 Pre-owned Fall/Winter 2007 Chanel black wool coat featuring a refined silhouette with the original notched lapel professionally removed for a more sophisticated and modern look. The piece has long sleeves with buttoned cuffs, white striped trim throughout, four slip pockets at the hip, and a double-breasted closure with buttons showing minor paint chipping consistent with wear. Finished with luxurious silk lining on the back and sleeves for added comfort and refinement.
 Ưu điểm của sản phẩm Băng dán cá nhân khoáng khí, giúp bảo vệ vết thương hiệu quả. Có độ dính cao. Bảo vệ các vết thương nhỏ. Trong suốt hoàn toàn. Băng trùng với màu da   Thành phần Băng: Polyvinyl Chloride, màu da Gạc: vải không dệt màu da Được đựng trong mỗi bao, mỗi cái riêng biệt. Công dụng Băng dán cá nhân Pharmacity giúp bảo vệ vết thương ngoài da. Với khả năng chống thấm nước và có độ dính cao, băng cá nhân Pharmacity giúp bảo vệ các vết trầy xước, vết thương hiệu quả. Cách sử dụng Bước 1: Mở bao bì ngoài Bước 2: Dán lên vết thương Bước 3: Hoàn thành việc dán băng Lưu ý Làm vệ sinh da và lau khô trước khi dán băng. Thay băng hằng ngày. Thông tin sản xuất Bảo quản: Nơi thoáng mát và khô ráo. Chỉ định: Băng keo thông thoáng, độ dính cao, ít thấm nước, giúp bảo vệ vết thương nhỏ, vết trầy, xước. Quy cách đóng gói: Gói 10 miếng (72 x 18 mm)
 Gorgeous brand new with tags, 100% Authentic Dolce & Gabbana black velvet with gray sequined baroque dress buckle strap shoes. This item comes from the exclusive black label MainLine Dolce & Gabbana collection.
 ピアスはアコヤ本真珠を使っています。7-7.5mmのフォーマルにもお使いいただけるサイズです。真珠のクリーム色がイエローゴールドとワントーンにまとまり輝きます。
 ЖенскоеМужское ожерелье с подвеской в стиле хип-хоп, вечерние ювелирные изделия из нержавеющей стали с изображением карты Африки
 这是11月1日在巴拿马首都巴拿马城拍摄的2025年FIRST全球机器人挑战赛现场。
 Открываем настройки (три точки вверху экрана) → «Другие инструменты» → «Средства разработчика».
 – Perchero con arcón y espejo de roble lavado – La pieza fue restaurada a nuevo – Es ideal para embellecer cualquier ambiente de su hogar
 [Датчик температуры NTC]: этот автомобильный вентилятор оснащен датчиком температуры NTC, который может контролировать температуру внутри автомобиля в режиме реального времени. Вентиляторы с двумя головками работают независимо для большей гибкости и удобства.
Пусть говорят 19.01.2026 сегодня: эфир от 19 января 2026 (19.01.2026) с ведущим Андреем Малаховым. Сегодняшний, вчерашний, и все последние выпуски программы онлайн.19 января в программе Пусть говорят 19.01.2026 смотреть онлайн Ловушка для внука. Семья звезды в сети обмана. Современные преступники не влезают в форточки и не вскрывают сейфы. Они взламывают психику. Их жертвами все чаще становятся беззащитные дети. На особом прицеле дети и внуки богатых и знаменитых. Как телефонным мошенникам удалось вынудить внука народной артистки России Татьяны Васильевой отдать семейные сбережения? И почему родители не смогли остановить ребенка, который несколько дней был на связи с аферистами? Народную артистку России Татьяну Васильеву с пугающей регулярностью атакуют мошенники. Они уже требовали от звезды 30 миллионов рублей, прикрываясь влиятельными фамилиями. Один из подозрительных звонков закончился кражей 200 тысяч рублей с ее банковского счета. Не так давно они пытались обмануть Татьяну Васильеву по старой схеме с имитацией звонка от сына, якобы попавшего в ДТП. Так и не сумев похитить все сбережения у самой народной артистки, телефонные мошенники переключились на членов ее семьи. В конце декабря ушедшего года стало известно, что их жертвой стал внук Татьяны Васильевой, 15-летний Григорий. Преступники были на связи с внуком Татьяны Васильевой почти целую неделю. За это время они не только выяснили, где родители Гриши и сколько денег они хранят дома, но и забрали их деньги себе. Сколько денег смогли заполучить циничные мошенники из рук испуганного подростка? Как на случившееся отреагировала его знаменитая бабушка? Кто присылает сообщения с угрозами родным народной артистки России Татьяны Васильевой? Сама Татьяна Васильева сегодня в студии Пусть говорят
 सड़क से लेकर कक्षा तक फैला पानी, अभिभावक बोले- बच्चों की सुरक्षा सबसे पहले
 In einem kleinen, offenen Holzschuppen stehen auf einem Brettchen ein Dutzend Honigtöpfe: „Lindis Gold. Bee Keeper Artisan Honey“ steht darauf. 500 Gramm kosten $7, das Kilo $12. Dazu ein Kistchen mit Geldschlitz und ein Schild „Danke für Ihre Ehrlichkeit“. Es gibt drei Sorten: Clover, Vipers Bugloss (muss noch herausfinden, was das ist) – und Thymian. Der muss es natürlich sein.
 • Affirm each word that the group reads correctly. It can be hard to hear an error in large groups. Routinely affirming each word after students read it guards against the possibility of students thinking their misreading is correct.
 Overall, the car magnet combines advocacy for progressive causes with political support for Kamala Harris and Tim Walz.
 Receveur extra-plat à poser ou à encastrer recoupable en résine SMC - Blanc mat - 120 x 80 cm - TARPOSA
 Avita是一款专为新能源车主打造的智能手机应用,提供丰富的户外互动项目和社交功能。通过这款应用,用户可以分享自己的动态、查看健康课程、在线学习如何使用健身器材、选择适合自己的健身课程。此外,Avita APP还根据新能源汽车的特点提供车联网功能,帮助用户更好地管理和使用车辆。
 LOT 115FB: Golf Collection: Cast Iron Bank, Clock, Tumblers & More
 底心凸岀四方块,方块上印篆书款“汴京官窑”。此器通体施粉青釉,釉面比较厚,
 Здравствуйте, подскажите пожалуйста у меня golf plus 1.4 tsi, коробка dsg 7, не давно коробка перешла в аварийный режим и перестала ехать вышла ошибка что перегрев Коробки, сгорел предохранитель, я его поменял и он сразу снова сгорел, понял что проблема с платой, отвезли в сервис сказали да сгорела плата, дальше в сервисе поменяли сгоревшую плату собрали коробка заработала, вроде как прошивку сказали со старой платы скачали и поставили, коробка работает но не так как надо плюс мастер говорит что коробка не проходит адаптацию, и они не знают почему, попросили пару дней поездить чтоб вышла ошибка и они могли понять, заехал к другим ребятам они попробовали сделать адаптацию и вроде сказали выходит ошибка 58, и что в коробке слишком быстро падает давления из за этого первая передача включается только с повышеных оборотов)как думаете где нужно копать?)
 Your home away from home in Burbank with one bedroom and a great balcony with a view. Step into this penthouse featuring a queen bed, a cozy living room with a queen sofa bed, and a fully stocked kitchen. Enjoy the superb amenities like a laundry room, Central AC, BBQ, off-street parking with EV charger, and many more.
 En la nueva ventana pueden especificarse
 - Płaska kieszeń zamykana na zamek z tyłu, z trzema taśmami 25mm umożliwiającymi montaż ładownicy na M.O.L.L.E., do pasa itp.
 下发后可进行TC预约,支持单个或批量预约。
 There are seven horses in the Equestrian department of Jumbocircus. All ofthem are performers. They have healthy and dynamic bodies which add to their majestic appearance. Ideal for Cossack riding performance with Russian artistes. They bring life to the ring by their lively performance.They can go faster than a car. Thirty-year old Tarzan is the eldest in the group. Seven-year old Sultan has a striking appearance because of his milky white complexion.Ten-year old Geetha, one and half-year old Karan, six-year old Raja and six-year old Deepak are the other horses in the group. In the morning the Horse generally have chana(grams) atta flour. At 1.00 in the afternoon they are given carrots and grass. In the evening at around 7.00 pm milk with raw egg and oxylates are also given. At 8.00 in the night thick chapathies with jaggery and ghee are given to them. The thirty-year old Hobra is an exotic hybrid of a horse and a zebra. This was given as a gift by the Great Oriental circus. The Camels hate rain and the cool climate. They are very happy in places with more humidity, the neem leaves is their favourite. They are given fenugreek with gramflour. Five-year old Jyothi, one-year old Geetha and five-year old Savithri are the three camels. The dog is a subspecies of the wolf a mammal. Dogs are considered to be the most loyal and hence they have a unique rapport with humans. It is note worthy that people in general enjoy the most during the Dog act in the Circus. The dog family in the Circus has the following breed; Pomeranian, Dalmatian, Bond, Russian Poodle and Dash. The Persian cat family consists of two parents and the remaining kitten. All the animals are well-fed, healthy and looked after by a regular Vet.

## ACTIVITY
Among the lines of the data, which ones contain the word "from"? Show them.

## FINAL ANSWER
 Gorgeous brand new with tags, 100% Authentic Dolce & Gabbana black velvet with gray sequined baroque dress buckle strap shoes. This item comes from the exclusive black label MainLine Dolce & Gabbana collection.
 Your home away from home in Burbank with one bedroom and a great balcony with a view. Step into this penthouse featuring a queen bed, a cozy living room with a queen sofa bed, and a fully stocked kitchen. Enjoy the superb amenities like a laundry room, Central AC, BBQ, off-street parking with EV charger, and many more.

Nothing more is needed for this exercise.